All that is needed is an exact copy of the lines from the beginning of the data below through the line containing "Na głowę nurka", minus the pictures.

Stored dataset items
● ● ● ● ●
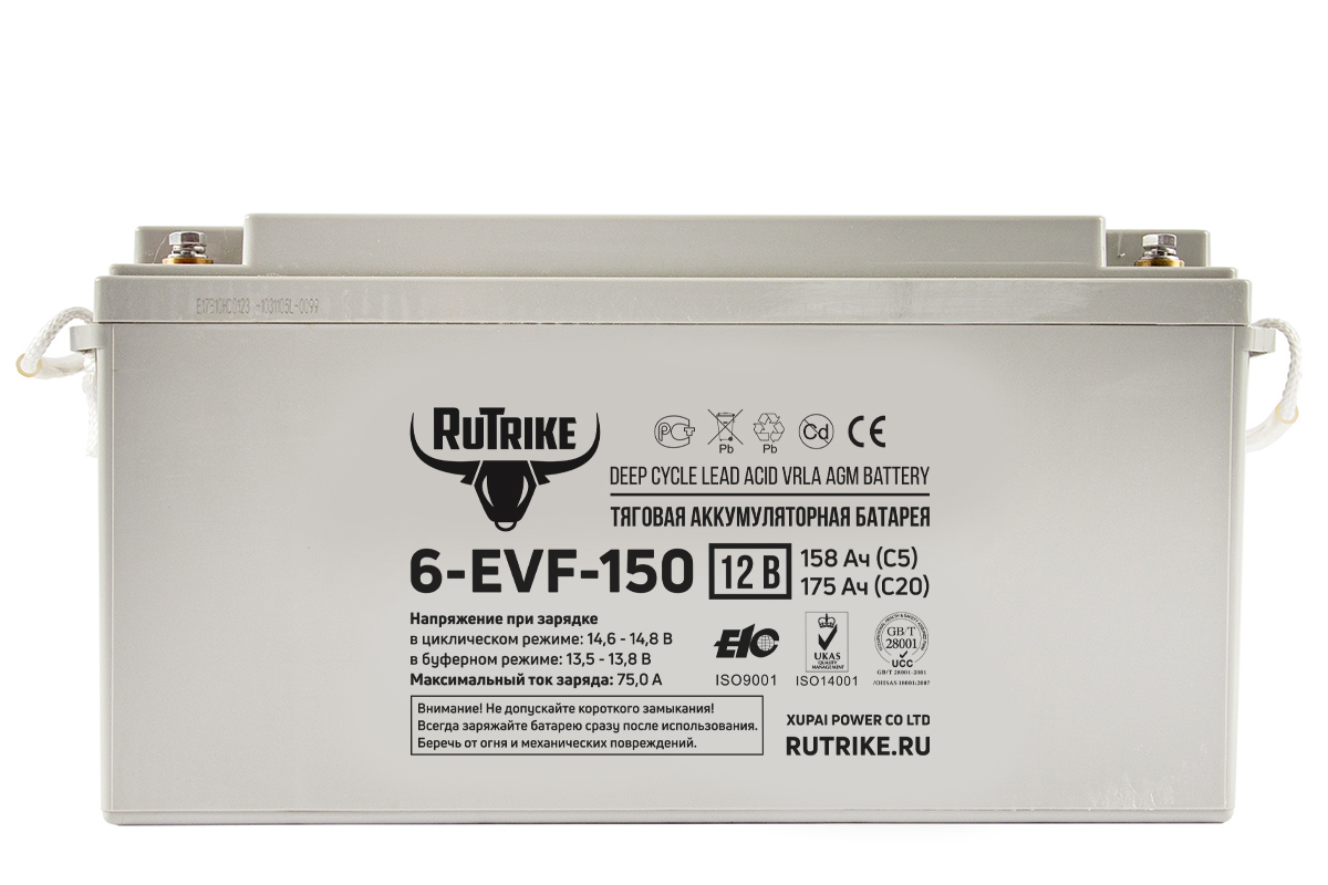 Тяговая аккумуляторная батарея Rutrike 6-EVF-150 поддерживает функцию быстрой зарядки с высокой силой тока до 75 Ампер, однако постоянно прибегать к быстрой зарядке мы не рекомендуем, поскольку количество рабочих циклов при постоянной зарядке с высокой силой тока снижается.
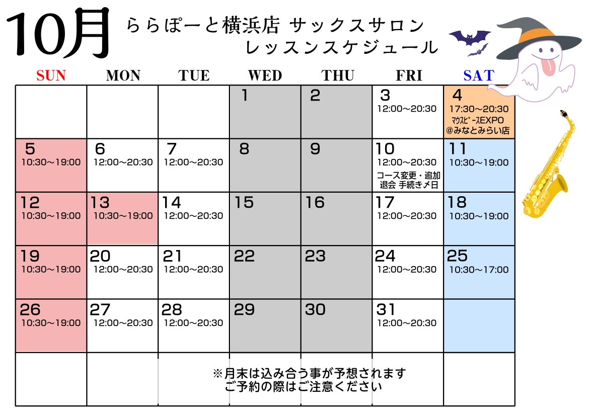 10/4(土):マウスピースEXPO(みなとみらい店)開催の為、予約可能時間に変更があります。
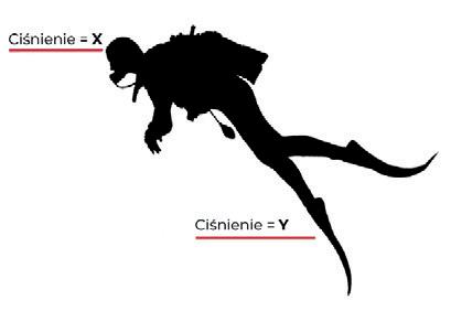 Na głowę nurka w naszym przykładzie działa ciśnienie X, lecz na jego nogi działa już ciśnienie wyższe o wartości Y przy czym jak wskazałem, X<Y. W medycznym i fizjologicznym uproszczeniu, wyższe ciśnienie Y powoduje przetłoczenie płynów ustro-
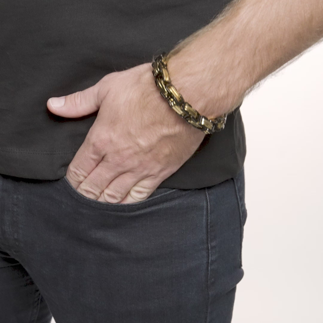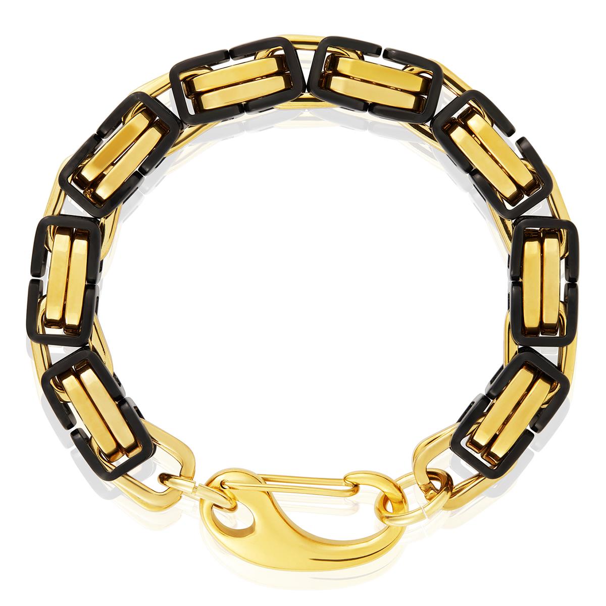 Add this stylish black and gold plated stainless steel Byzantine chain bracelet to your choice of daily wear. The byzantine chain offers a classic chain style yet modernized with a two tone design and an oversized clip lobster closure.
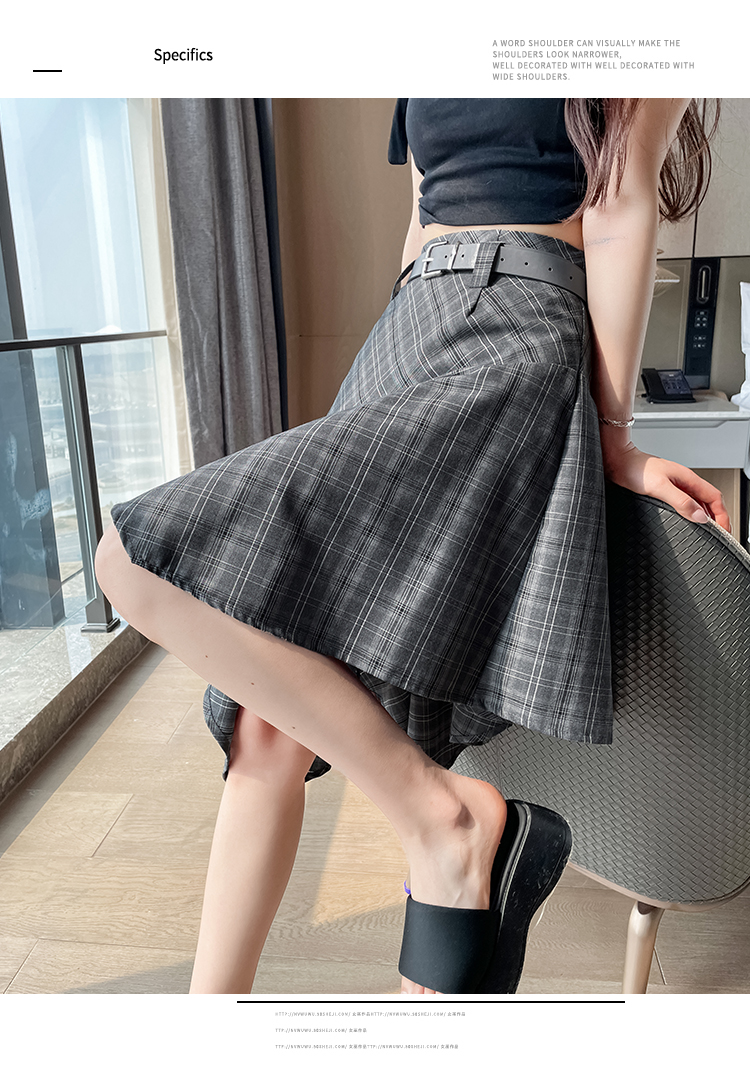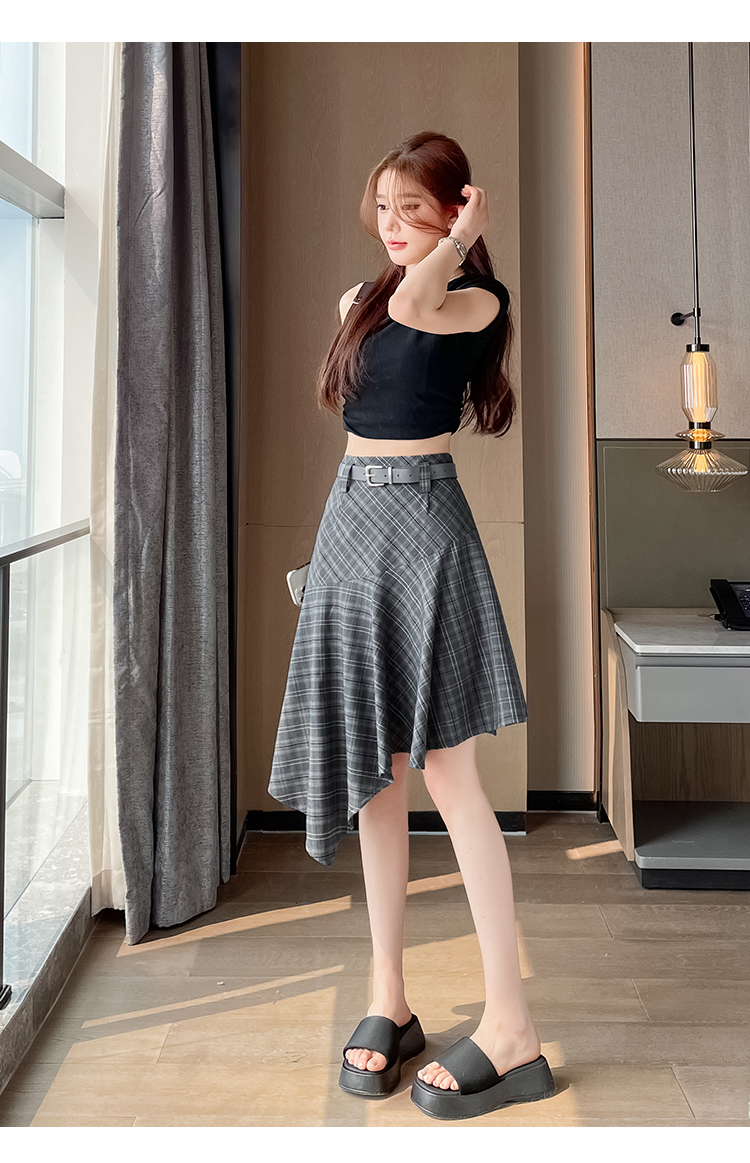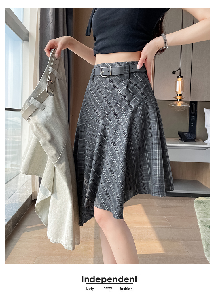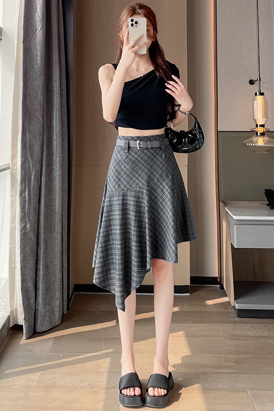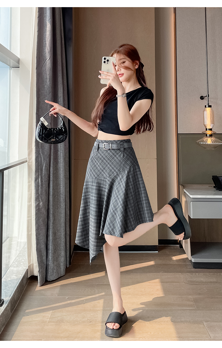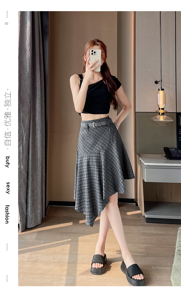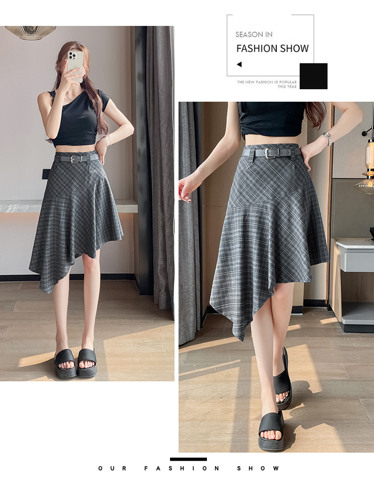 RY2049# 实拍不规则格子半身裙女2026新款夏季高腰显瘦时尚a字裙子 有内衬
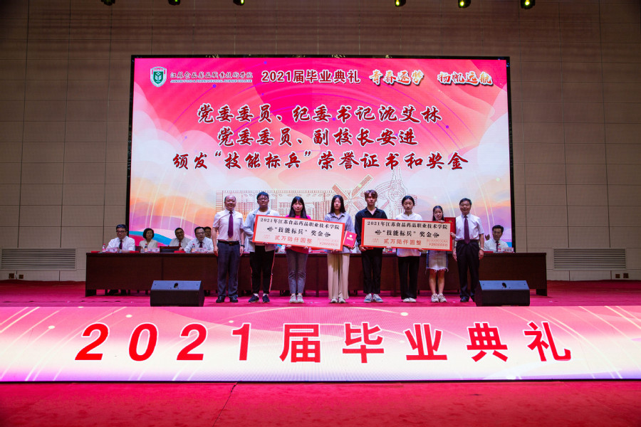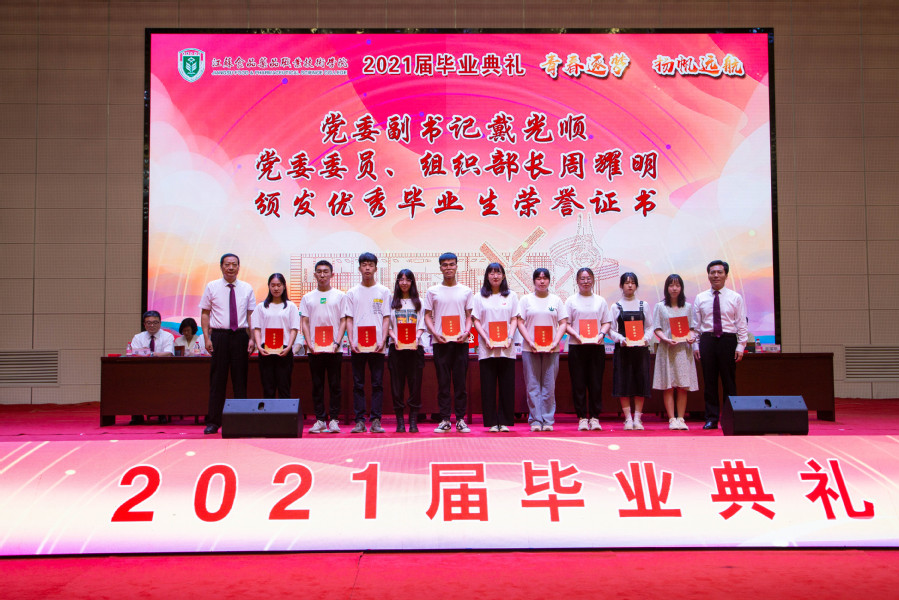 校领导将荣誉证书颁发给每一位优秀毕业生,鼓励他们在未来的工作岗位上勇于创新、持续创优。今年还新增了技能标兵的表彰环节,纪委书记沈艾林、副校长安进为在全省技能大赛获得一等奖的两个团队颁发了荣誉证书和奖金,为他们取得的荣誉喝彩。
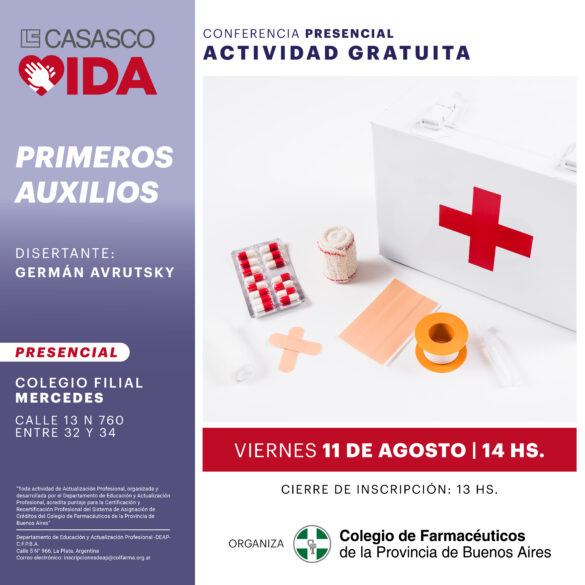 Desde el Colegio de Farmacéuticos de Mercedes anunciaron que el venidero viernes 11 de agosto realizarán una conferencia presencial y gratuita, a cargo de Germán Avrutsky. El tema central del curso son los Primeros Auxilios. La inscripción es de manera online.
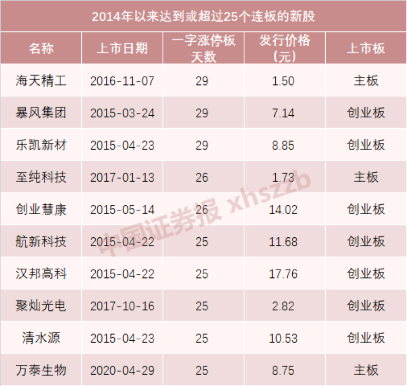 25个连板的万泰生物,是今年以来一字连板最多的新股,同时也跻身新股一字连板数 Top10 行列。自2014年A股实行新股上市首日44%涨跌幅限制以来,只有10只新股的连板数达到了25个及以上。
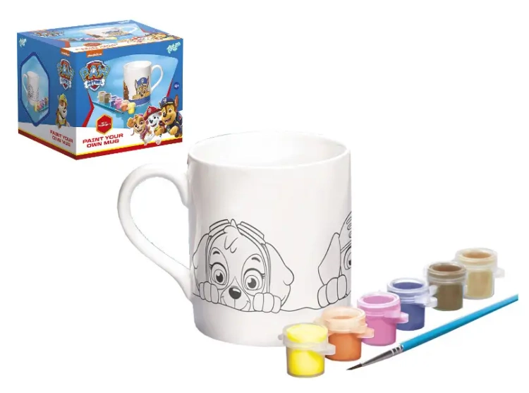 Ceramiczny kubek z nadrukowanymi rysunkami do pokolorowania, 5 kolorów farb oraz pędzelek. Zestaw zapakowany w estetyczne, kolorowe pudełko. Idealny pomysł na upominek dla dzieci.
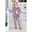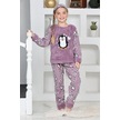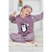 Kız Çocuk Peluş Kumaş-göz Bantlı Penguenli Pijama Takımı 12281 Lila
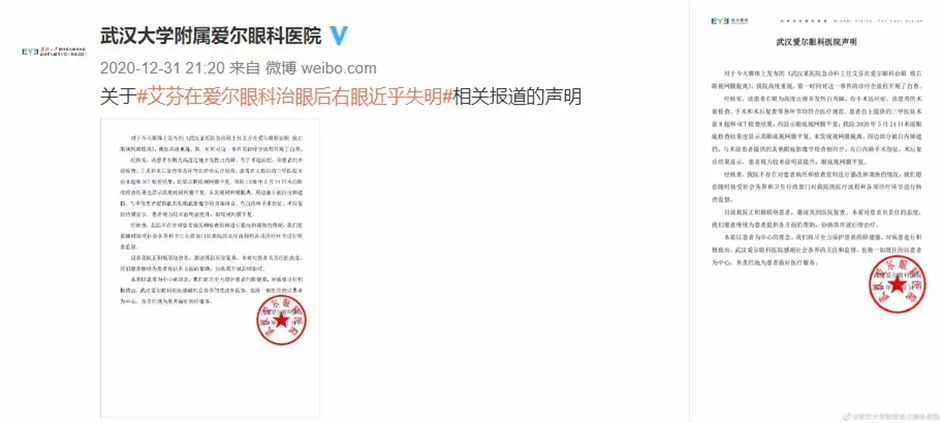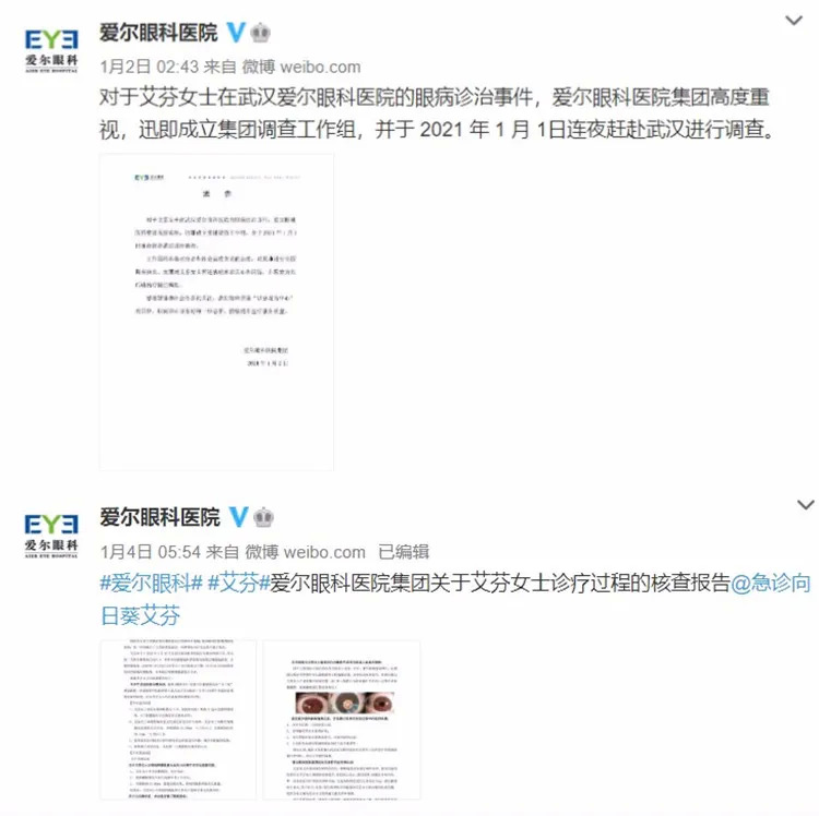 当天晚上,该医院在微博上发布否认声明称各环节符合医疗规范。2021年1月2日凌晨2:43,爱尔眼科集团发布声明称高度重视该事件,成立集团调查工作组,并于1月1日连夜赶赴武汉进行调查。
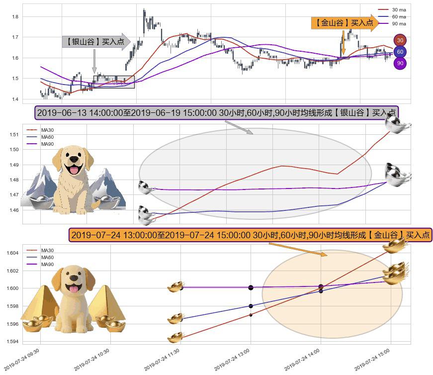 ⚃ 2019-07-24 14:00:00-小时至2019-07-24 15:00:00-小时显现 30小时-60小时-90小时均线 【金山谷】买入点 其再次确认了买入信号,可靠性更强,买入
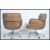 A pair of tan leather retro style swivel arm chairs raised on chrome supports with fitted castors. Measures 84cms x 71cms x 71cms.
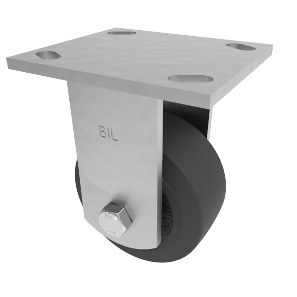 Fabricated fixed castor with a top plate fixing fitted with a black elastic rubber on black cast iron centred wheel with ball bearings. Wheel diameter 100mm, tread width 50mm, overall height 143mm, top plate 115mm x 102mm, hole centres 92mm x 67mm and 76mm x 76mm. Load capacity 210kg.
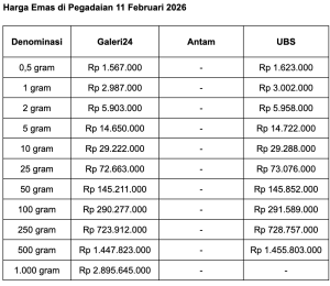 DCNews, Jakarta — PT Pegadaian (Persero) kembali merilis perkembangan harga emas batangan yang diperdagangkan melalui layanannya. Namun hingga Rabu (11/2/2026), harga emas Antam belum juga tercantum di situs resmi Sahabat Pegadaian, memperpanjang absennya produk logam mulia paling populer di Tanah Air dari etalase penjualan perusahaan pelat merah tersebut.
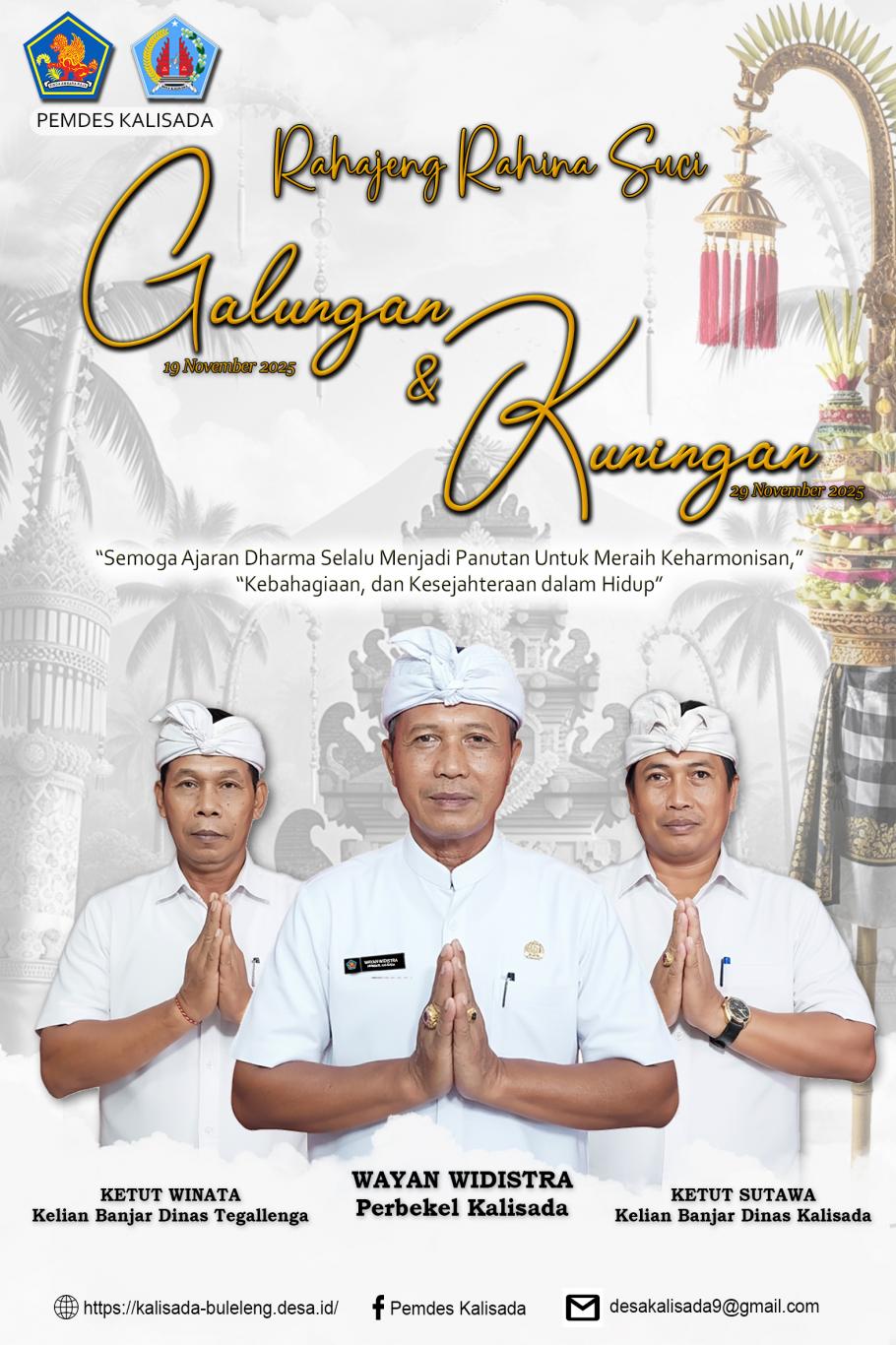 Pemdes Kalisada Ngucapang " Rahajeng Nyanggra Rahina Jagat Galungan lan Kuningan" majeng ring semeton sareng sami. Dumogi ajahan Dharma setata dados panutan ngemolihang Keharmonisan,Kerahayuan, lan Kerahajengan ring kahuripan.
● ● ● ● ●
Answer below
 Тяговая аккумуляторная батарея Rutrike 6-EVF-150 поддерживает функцию быстрой зарядки с высокой силой тока до 75 Ампер, однако постоянно прибегать к быстрой зарядке мы не рекомендуем, поскольку количество рабочих циклов при постоянной зарядке с высокой силой тока снижается.
 10/4(土):マウスピースEXPO(みなとみらい店)開催の為、予約可能時間に変更があります。
 Na głowę nurka w naszym przykładzie działa ciśnienie X, lecz na jego nogi działa już ciśnienie wyższe o wartości Y przy czym jak wskazałem, X<Y. W medycznym i fizjologicznym uproszczeniu, wyższe ciśnienie Y powoduje przetłoczenie płynów ustro-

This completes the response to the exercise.